**Your objective:** Without the pictures, set down everything in the listing exactly.

───── Input data ─────

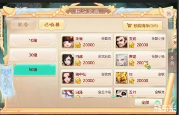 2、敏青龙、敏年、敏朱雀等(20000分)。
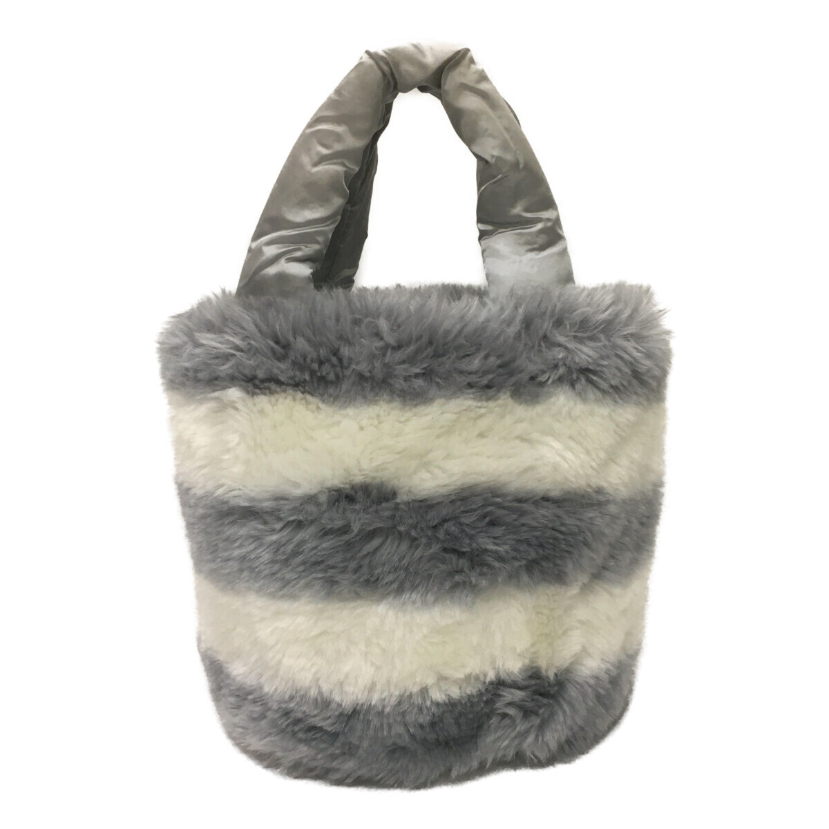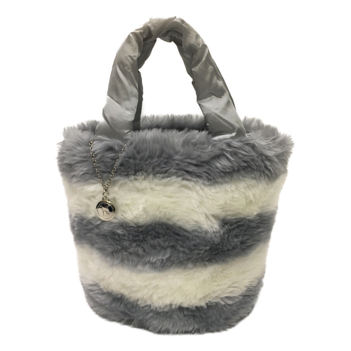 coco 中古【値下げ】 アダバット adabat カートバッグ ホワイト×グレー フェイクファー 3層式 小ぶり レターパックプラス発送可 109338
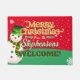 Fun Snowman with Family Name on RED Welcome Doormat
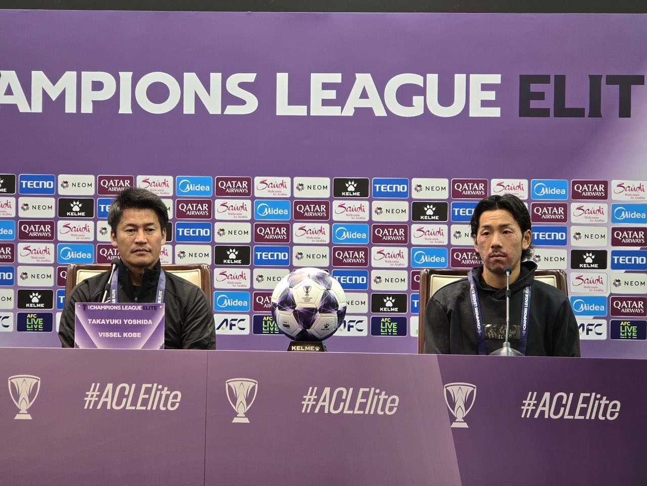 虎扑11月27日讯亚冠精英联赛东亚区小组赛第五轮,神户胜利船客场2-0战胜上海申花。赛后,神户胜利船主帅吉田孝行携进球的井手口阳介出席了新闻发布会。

─────

**Exercise response:**
 2、敏青龙、敏年、敏朱雀等(20000分)。
 coco 中古【値下げ】 アダバット adabat カートバッグ ホワイト×グレー フェイクファー 3層式 小ぶり レターパックプラス発送可 109338
 Fun Snowman with Family Name on RED Welcome Doormat
 虎扑11月27日讯亚冠精英联赛东亚区小组赛第五轮,神户胜利船客场2-0战胜上海申花。赛后,神户胜利船主帅吉田孝行携进球的井手口阳介出席了新闻发布会。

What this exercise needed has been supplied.